◆ **INFORMATION PROVIDED**:

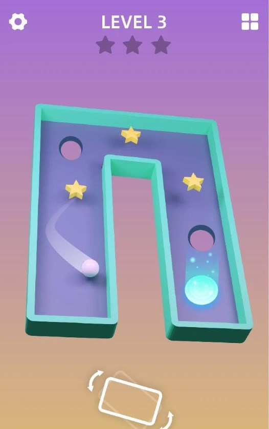 2、通过调整手机平衡使迷宫倾斜,使球顺利通过关卡,充分利用陀螺仪;
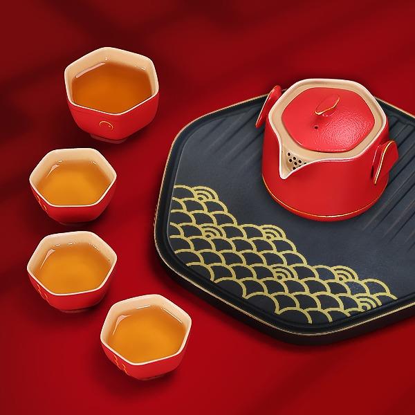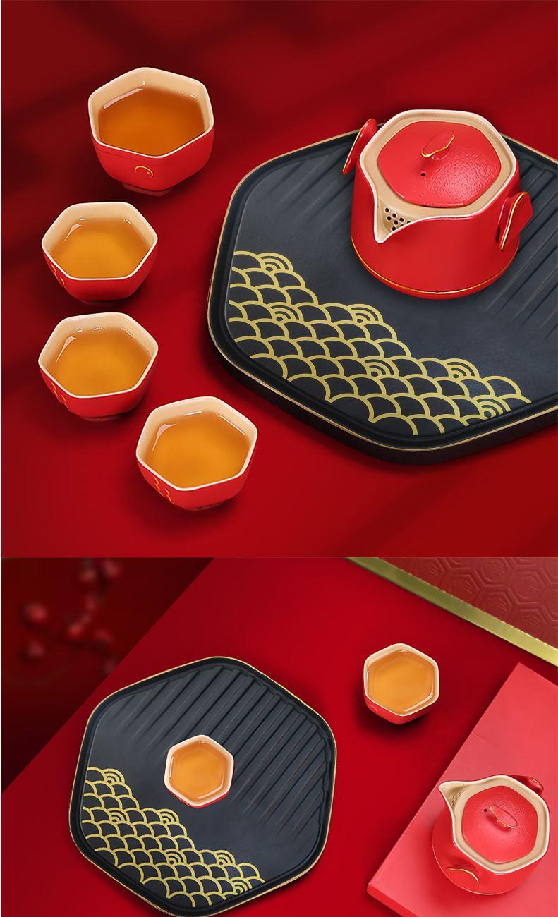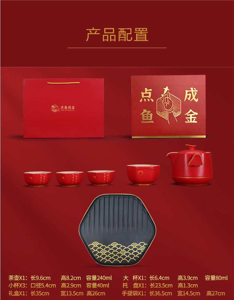 組件:一壺四杯+茶盤+精美禮盒 材質(zhì):高白瓷 包裝規(guī)格:長(zhǎng)35cm寬13.5cm高26cm 定制:產(chǎn)品和包裝可定制LOGO 顏色:紅色
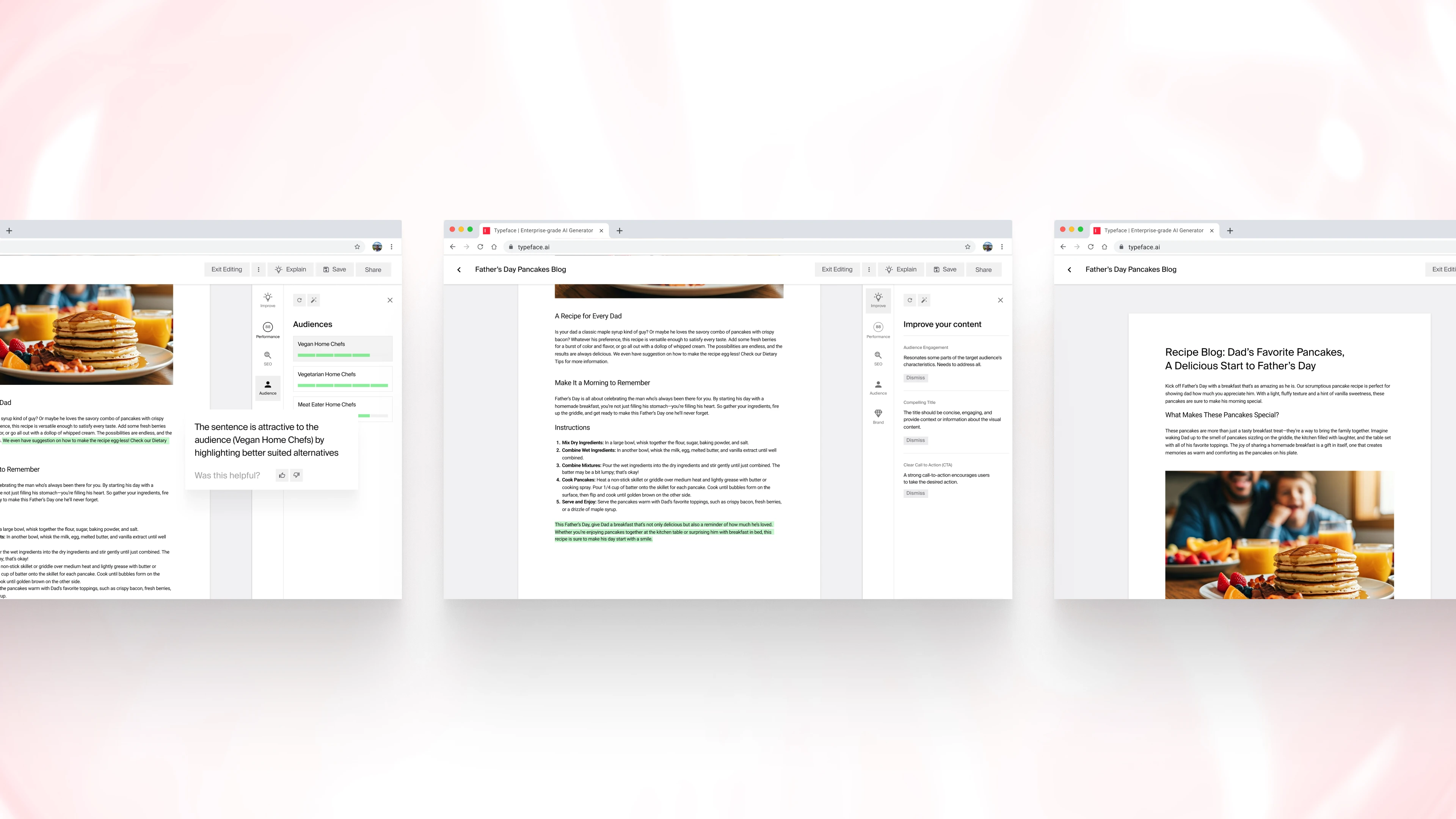 We're thrilled to welcome Treat and Narrato to the Typeface family, propelling our vision of end-to-end content lifecycle transformation. Building on our foundation of multimodal AI workflows, these acquisitions’ top-tier AI technology and talent further enrich our visual and textual capabilities. Treat AI's cutting-edge image harmonization technology ensures best-in-class quality and brand fidelity in any visual context.

◆ **PROBLEM TO SOLVE**: Omitting all images, print the listing exactly.

◆ **OUTPUT OF THE TASK**:
 2、通过调整手机平衡使迷宫倾斜,使球顺利通过关卡,充分利用陀螺仪;
 組件:一壺四杯+茶盤+精美禮盒 材質(zhì):高白瓷 包裝規(guī)格:長(zhǎng)35cm寬13.5cm高26cm 定制:產(chǎn)品和包裝可定制LOGO 顏色:紅色
 We're thrilled to welcome Treat and Narrato to the Typeface family, propelling our vision of end-to-end content lifecycle transformation. Building on our foundation of multimodal AI workflows, these acquisitions’ top-tier AI technology and talent further enrich our visual and textual capabilities. Treat AI's cutting-edge image harmonization technology ensures best-in-class quality and brand fidelity in any visual context.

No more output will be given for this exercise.